Posts Tagged ‘Food Business Analysis’
Food Business Analysis
Profit food business could reach 100 percent. Certainly this is so tempting and many people who glanced at the culinary business. However, many people are confused about how to calculate business capital to start their own businesses.
Overview of business
1. Raw materials
In the manufacture of food, try to find a food that is easy to find in stores, traditional markets or malls. It is recommended to buy quality raw material, because it will produce delicious and nutritious food.
2. Equipment business
For small and medium scale enterprises, see the back of your kitchen, if any kitchen equipment that can be used. If it does not yet exist, it is advisable to purchase business equipment in small volumes at first.
3. Labor
In a small scale, it is better handled with the family food production. Because in addition to not pay for labor, materials and manufacture of quality food is more awake. Another case when the number of orders started to increase, there is no harm in hiring labor.
4. Packaging
How to package the food to be sold need to be prepared. Keep the packaging attractive to give more value in your product. Many consumers who buy food because the packaging is beautiful or unique.

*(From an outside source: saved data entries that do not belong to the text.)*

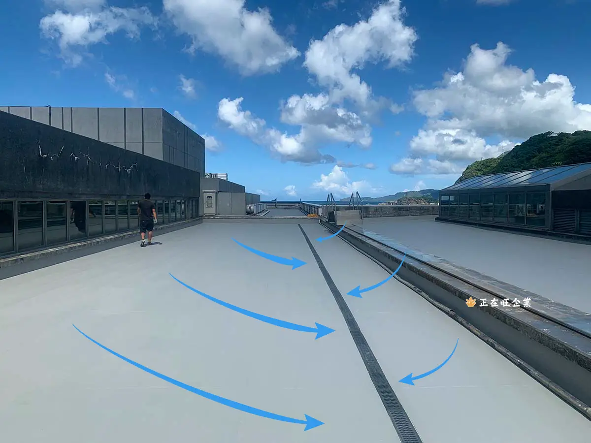 屋頂使用線型排水在洩水坡度的施工上師傅也更加方便,屋頂PP截水溝具有耐腐蝕,抗太陽UV照射等特性,用於海邊非常適合。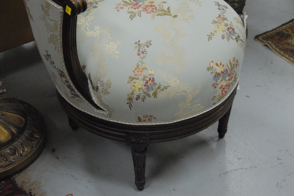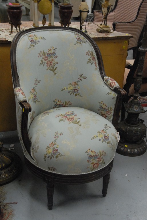 Lot 347: Louis XVI style swivel bergere having rounded tub, back and round seat set on swivel base set on round fluted tapered legs, upholste…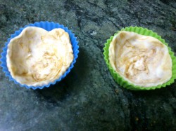 - Colocar la pasta en los moldes estirandola con los dedos de forma que el molde quede cubierto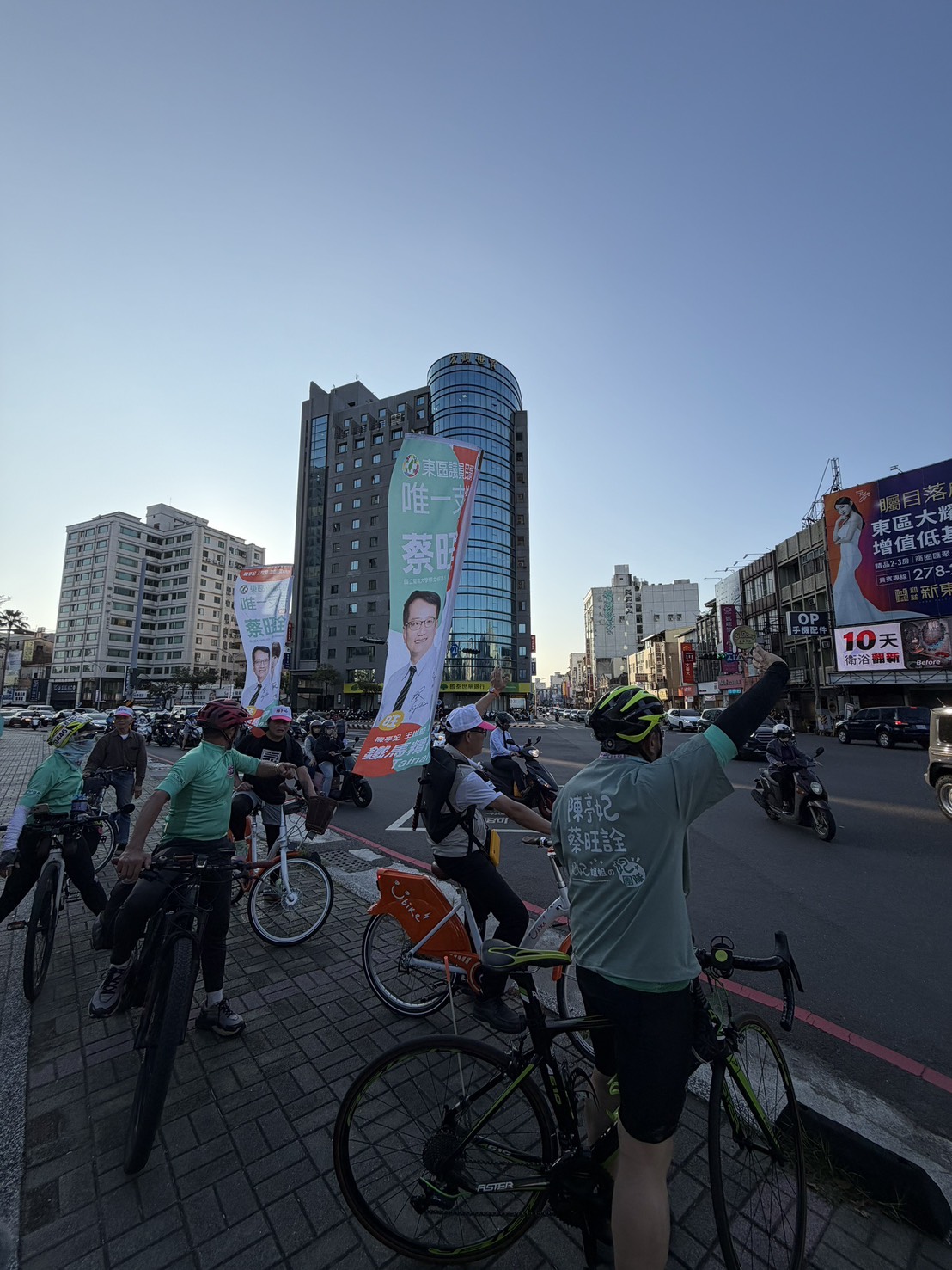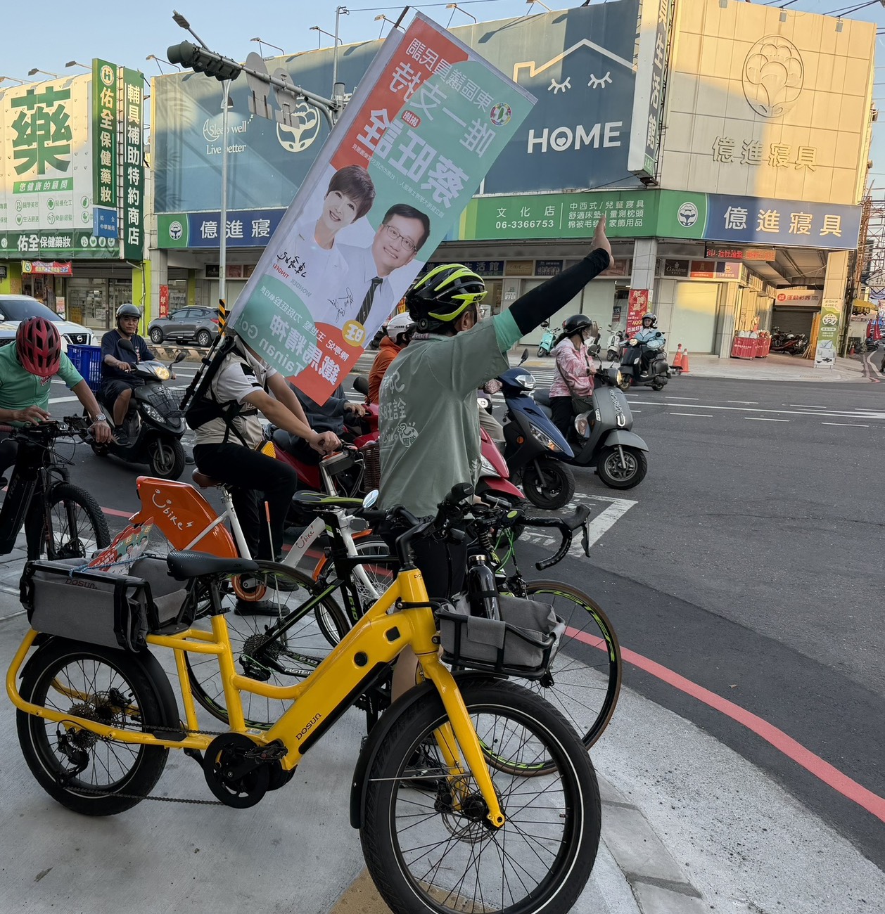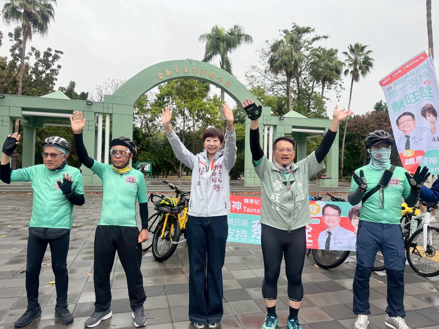 3月4日清晨,即便天候不佳,仍在東寧公園向通勤騎士揮手問候,爭取市民支持。包括議會同仁陳怡珍、周麗津等人,也冒雨到場力挺,展現團結氣勢。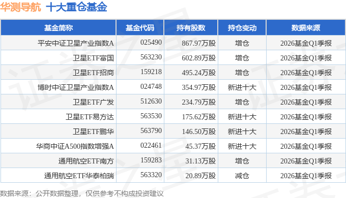 持有华测导航最多的基金为平安中证卫星产业指数A,目前规模为4.62亿元,最新净值1.2833(4月23日),较上一交易日下跌0.63%。该基金现任基金经理为翁欣 马浩然。

How simple, use plain cardboard sticker affixed to the business or brand name of your food. If the business is growing, you can improve the quality of produce cardboard packaging with different sizes under the brand name printed on cardboard.
5. Promotion and sales
Many ways in which to promote food as a banner or business card. Promotion of consumers through word of mouth is also effective, especially if you liked the quality of the food market. Another way is through a website promoting or selling online. As an initial step, you can join sale of food in the cafeteria or the nearest store.
6. Price fixing
The selling price depends on the segment that you shoot. This is related to material prices and big profits you want. Usually the food between 50-100 percent profits.
Investment costs
Allocate the investment cost includes the purchase of goods that will be used to produce food, in the long term. For example, gas oven, gas tubes, mixers, pans, molds, scales, and others.
Operational costs
Operational costs are fixed costs added variables. The definition of fixed costs is the cost of depreciation of investment goods. For example, the oven is estimated in good condition up to next four years or 48 months. Thus, the value of depreciation per month is 1 / 48 times the price of the oven.
While the variable costs include the price of all materials or services needed for a month, such as flour, margarine, sugar, eggs, wage labor.